Esiste un egoismo del solitario, l’egoismo del superuomo e di Zarathustra, che è fatto di una virtù che vale come l’oro: la virtù che dona. Esiste anche un egoismo della città, un egoismo da commerciante, quello della persona che vuole puramente arricchire se stesso. Il capitalismo rientra in questa seconda forma di egoismo, ma questo problema lo si deve vedere anche nelle mosche del mercato.

Zarathustra spiega dove dovremmo trovare la nostra virtù che dona: ci riferisce di un linguaggio di simboli che vuole parlare il nostro spirito; ci dice che possiamo trovare la nostra virtù dove la volontà vuole comandare ogni cosa; ci dice che siamo vicini alla nostra virtù tanto più vogliamo stare alla larga dai rammolliti.

Si chiude un primo discorso e ne incomincia un secondo. In questo secondo discorso Zarathustra ricorda ai suoi amici che devono rimanere fedeli alla terra. La loro virtù deve rimanere fedele alla terra e alla vita. Non dovranno mai farla volare via. Anzi, sarebbe meglio se tutte le virtù che se ne sono andate tornassero effettivamente alla terra. L’uomo ha molti difetti, ma dovrebbe diventare un guerriero e un creatore. Deve imparare questo nuovo egoismo, che è quello dell’uomo ricco che sa donare. L’uomo impari ad aiutare se stesso e così potrà anche aiutare gli altri. L’uomo impari ad amare se stesso e così potrà amare anche gli altri.
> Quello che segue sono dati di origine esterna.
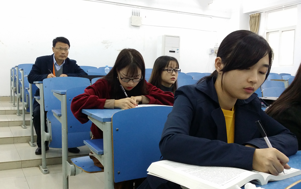 专家组成员卢现祥在外经楼102听付智老师《经济思想史》课
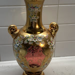 Czech Bohemian Egermann 24K Gold Encrusted Enameled Red Art Glass Vase. This stunning 12-inch vase features a deep, vibrant red base adorned with luxurious 24K gold encrusting and intricate hand-painted enameled floral designs. A true masterpiece of Bohemian artistry, this vase exudes elegance and sophistication, perfect for enhancing any space or as a prized collectible.
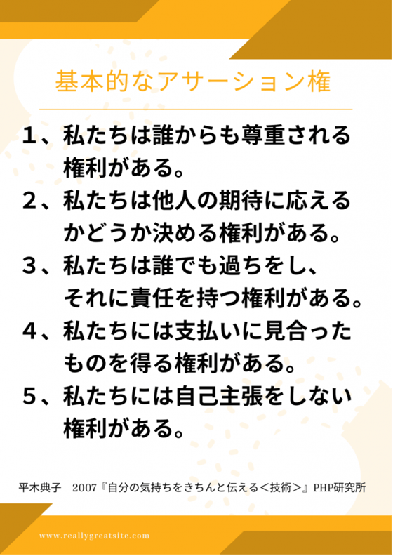 そもそもアサーティブネスという考えは、根本に「アサーション権」という考え方があります。
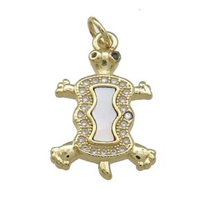 Copper Tortoise Charms Pendant Pave Abalone Shell Zircon 18K Gold Plated, approx 14.5-20mm
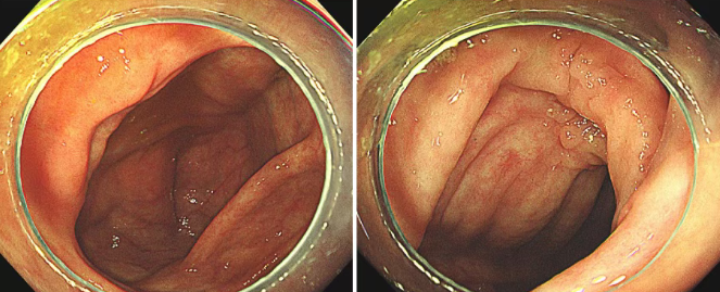 入院后,无痛电子肠镜进一步显示,回盲部至乙状结肠的粘膜大面积充血、水肿,散见片状红斑,粘膜网络不清,表面还覆盖少许胶冻样粘液,距肛门 60cm 处管腔略狭窄。
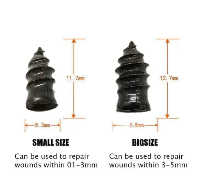 El diámetro interior es inferior a 5 mm, sin daños en los neumáticos ni fugas de aire. Simplemente inserte el clavo en la herida del neumático para realizar un trabajo de reparación de neumáticos fácil y eficiente.
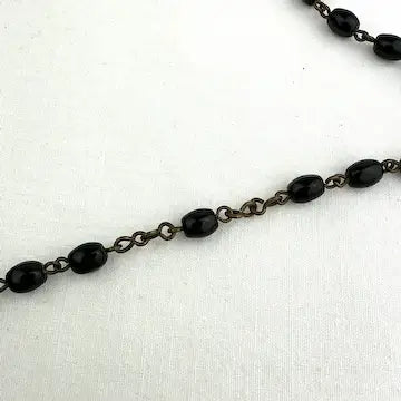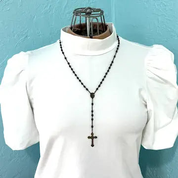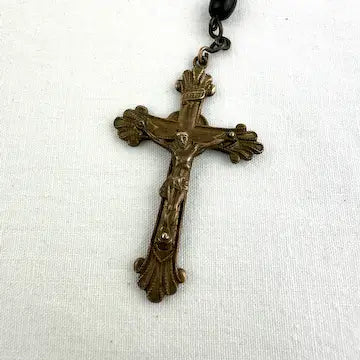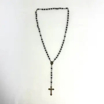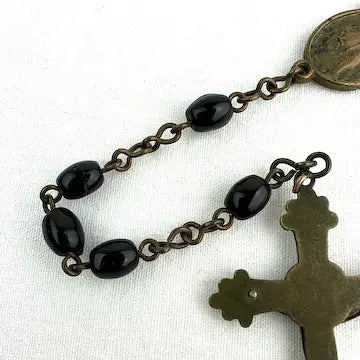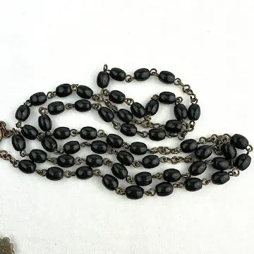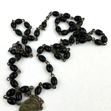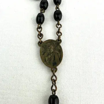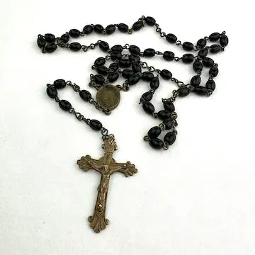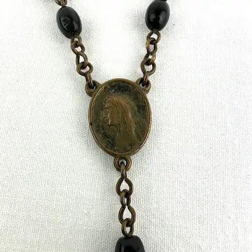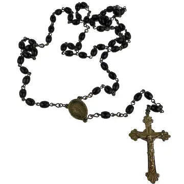 This vintage Czech black glass 5 decade rosary is a stunning piece for any Christian or Catholic individual. Each bead is crafted from high-quality glass, giving it a timeless and elegant look. The brass crucifix adds a touch of tradition and reverence to this beautiful rosary. Perfect for daily prayer and reflection.
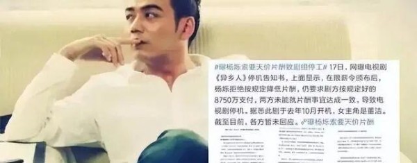 如果说绯闻只是伤了口碑,那顶风贪薪就是直接触碰了行业红线。2018 年广电总局刚下发限薪令,明确规定演员单集片酬不能超过总成本的 40%,最高不超过 5000 万,央视更是多次强调 “行业自律” 的重要性。可杨烁偏要 “顶风作案”,他在《异乡人》剧组已经签好 8750 万片酬的合同,限薪令出台后,剧组找他协商降薪,他不仅坚决不松口,还直接罢演导致剧组停拍。
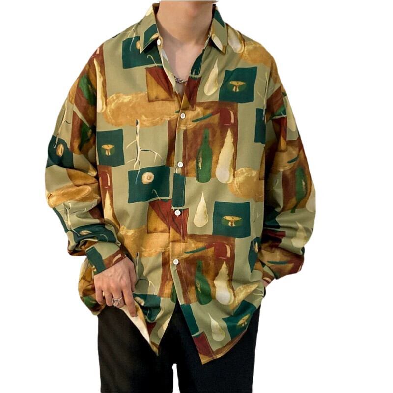 イン香港風味ヴィンテージビンテージ感長袖フラワーシャツ男性タイハワイアンレトロシャツ悪党ハンサムジャケットトレンディ ロング フラワーデザイン 1285162661241916
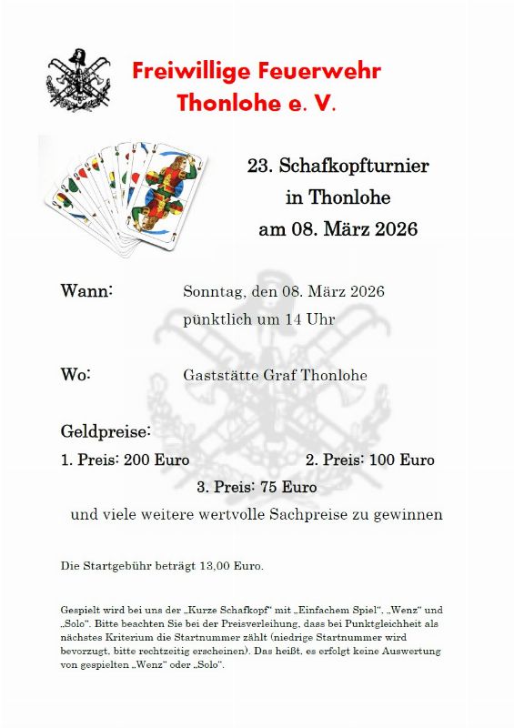 viele weitere wertvolle Sachpreise Gespielt wird bei uns der „Kurze Schafkopf“ mit „Einfachem Spiel“, „Wenz“ und „Solo“. Bitte beachten Sie bei der Preisverleihung, dass bei Punktgleichheit als nächstes Kriterium die Startnummer zählt. (niedrige Startnummer wird bevorzugt, bitte rechtzeitig erscheinen), d.h. es erfolgt keine Auswertung von gespielten „Wenz“ oder „Solo“. Tobias Köhl kurzes Blatt, mit Solo und Wenz Plus Minus Punkte
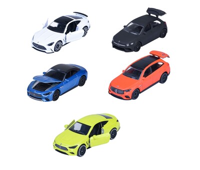 Geschenkset mit Metallautos von Mercedes-AMG mit Freilauf.
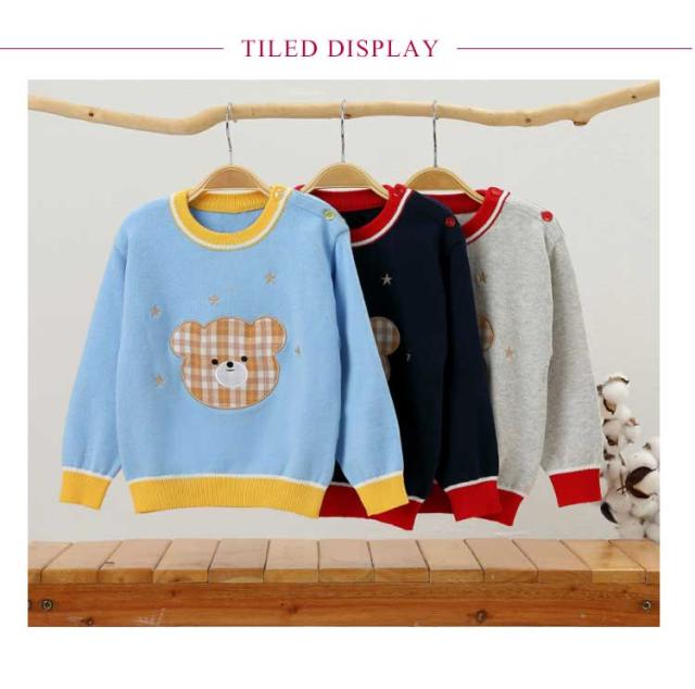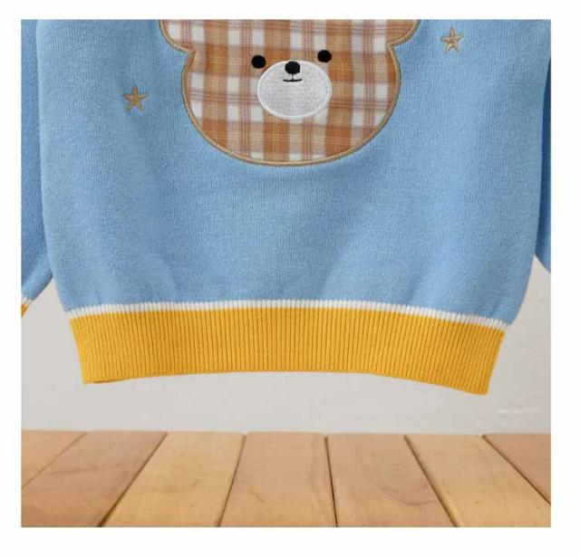 ニット セーター 長袖 男の子 クルーネック くま トップス 男児 通学 普段着 通園 学校 保育園 幼稚園 お出かけ カジュアル 全3色

Si chiude un secondo discorso e si apre il terzo discorso. Zarathustra incomincia a parlare del fatto che se ne andrà via da loro e che loro devono rinnegarlo come maestro. Lo scolaro, sostiene Zarathustra, non può fare per sempre lo scolaro. Zarathustra non vuole fare il maestro, lo si capisce fin da subito. Infatti sostiene che non bisogna credergli e gli invita a pensare che li abbia truffati. Gli rammenta che bisogna saper odiare gli amici come si odiano i nemici. Ricorda che loro devono perderlo e che sarà solo lui un giorno a ritrovarli, dopo che tutti loro lo avranno rinnegato. Zarathustra vuole tornare da loro, ma solo quando saranno pronti sulla via per il loro tramonto, quando saranno pronti a diventare superuomini.

Il testo finisce con queste famose parole: morti sono tutti gli dei, viva ora il superuomo!
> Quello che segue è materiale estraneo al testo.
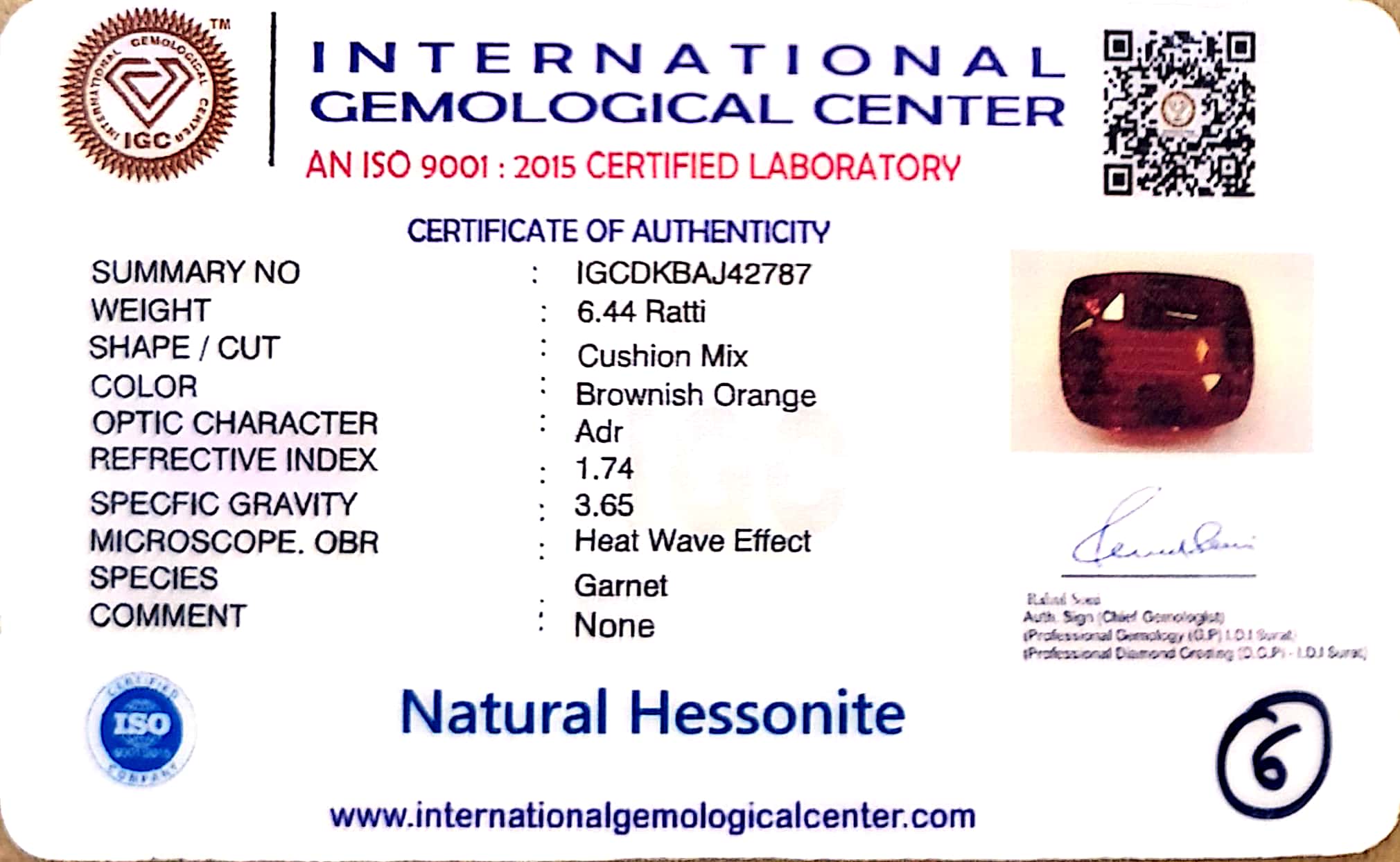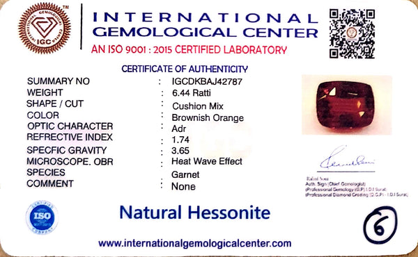 This exquisite 6.44 Ratti Natural Hessonite (Gomed), certified by the International Gemological Center (IGC), features a refined Cushion Mix cut and a rich Brownish Orange hue. Known for its Heat Wave Effect under microscopic observation, this stone reflects both authenticity and high astrological value.
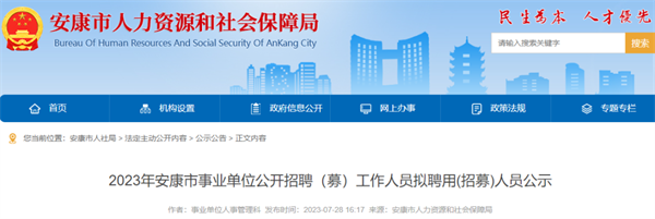 根據(jù)《2023年安康市事業(yè)單位公開招聘(募)工作人員公告》規(guī)定,經(jīng)報名、資格審查、筆試、面試、體檢、考察等程序,現(xiàn)將第一批擬聘用(招募)人員名單(詳見附表)予以公示。
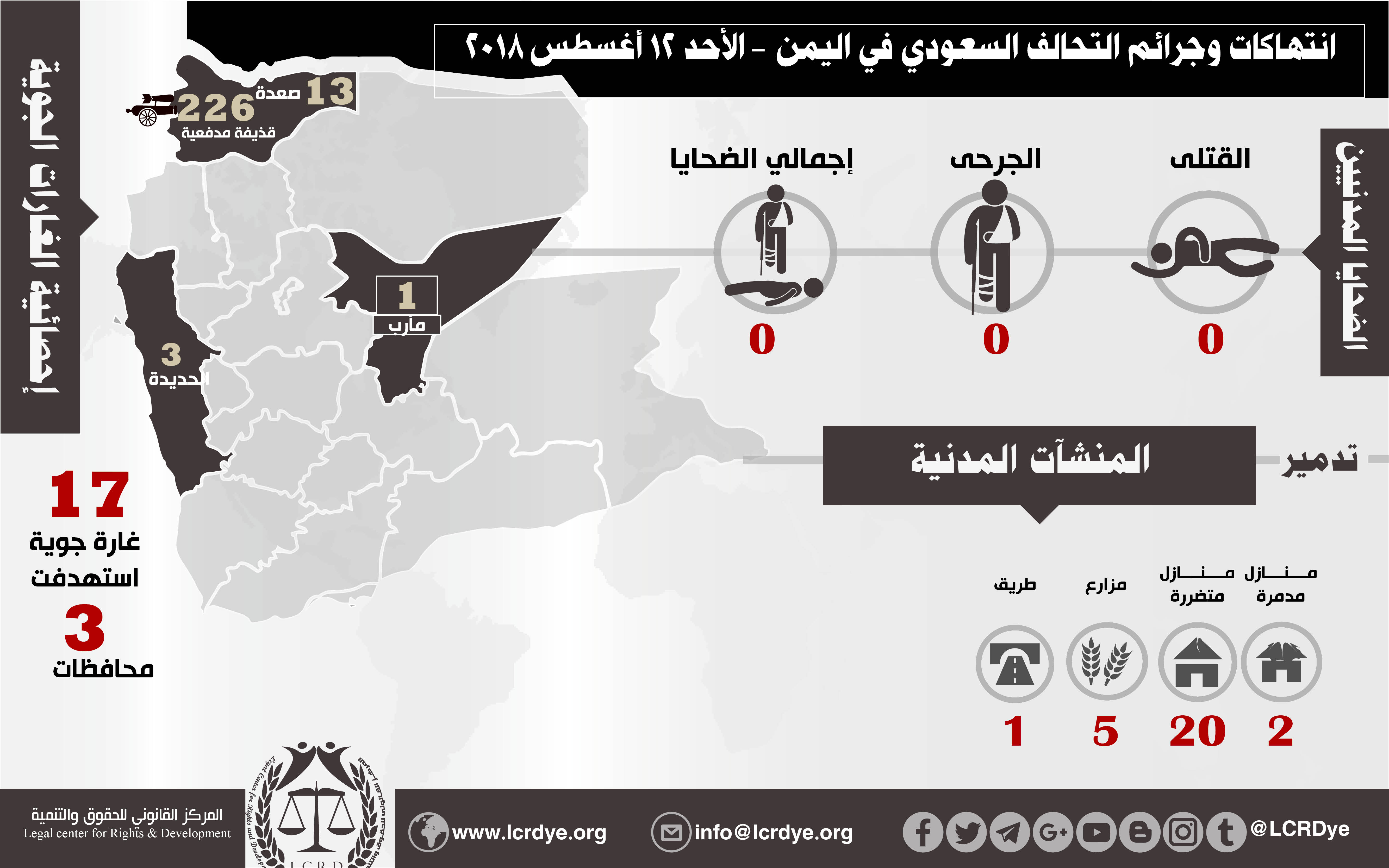 إحصائية أولية لإنتهاكات التحالف السعودي في اليمن 12 أغسطس 2018 Last updated أغسطس 13, 2018 للتحميل : استهداف البنى التحتيةاستهداف المنشآت المدنيةالتحالف السعوديالضحايا المدنيين في اليمنالمركز القانوني للحقوق والتنميةاليمنعاصفة الحزمغارات التحالف السعودي على اليمن Share FacebookTwitterGoogle+ReddItWhatsAppPinterestالبريد الإلكتروني

Leo Strauss pensa che la maggior parte di questo testo sia semplicemente la parodia del nuovo Testamento. Qui infatti viene celebrato l’egoismo e viene negata ogni forma di guida che possa diventare pastore degli uomini. Con le ultime parole Zarathustra afferma la morte di tutti gli dei, mentre nel prologo sembrava affermare la morte di un solo Dio, forse quello a cui credeva il santo che ha incontrato. Questa rappresenta un'estensione della sua affermazione.

sabato 9 marzo 2019

Della libera morte (Spiegazione/Zarathustra)







Zarathustra comincia il discorso sostenendo che molte persone muoiono troppo tardi e altre troppo presto. Il suo insegnamento consiste nel morire al momento giusto.

I superflui, i predicatori di morte, non vorrebbero nemmeno essere nati e questo è il consiglio che dà Zarathustra ad essi. Ma ognuno avrà il suo momento giusto per morire. C'è chi muore all'improvviso, chi lascia il corpo in pace, chi decide quando morire. Decidere la propria morte, osserva Jung, era un po' la superstizione di Nietzsche. Nel prologo profeticamente si legge che l'anima del funambolo è morta prima del suo corpo. Questo indica la futura follia di Nietzsche. Nietzsche avrebbe voluto determinare il momento della sua morte. Esitono santi e yogi che affermano di essere in grado di farlo, ma Jung ci dice che la morte non la si può decidere, è solo un evento che dobbiamo accettare quando ci capita.




La morte è un evento importante, dovremmo essere capaci di festeggiare questo evento. In molta della nostra cultura la morte è trattata semplicemente come un evento triste. In Irlanda, invece, quando muore qualcuno si va a bere birra. Noi però non siamo abituati a questo. Siamo abituati alla cultura delle lacrime per il defunto, alla religione, alla tristezza del cimitero, ecc.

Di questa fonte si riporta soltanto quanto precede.